1. The video retrieval method based on the lens characteristics is characterized by comprising the following steps of:

2. The method for searching video based on shot characteristics according to claim 1, wherein in the step 1 shot segmentation, an autoplot model is used to process an input video frame by frame, a probability that each frame is a shot boundary is output, a frame number of the shot boundary is determined according to a set threshold, and a correspondence of a video name-the shot boundary frame number is stored as an index file.

3. The video retrieval method based on shot characteristics according to claim 1, wherein the step 2 of feature extraction uses a mc3_18 model to perform feature extraction on input video shots, obtains the shot division condition of the video by reading a video name-shot boundary frame number index file, determines the number of frames of each shot to participate in calculation through num_frame parameter values, and performs feature extraction on shot by shot to obtain feature vectors of the shots.

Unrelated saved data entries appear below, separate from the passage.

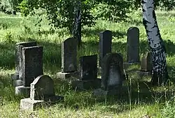 - ↑ Burchard podaje nieznaną datę powstania cmentarza. Podnosi też, że cmentarz został zupełnie zniszczony i jego teren porasta las.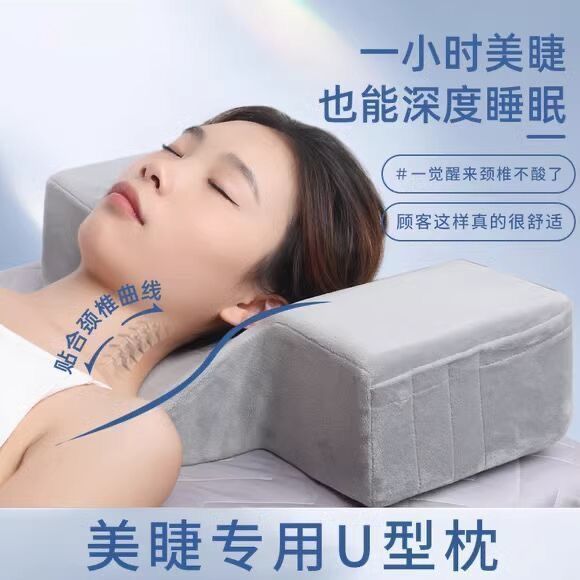 속눈썹 U자형 베개 작업대 탈부착 및 세탁 가능한 미용 침대 베개 목 보호 속눈썹 미용 침대 베개 벨벳 패턴 자수 U자형 베개스토어 가기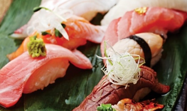 갈릭연어 활어초밥(ガーリックサーモン 活魚寿司)

4. The video retrieval method based on shot features according to claim 1, wherein the similarity calculated and sequenced in step 3 uses cosine similarity, the cosine similarity is calculated one by one between the shot feature vector of the video segment to be retrieved and the shot feature vector of the video in the library, and the similarity is sequenced to take the complete video with the most similar shot as the retrieval result.

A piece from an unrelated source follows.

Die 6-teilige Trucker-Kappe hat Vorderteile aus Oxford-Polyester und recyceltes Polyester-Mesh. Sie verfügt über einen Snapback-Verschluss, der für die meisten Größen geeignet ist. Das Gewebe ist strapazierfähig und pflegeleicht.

5. The video retrieval method based on lens features according to claim 1, wherein videos in a retrieval range are required to be added into a video library for preprocessing, the processing method is the same as that of video clips to be retrieved, an index library of video name-lens feature vectors is generated as a result of processing, video retrieval is required to be performed after the generation of the index library is completed, and retrieval results are determined by comparing lens feature vectors of the video clips to be retrieved one by one in the index library.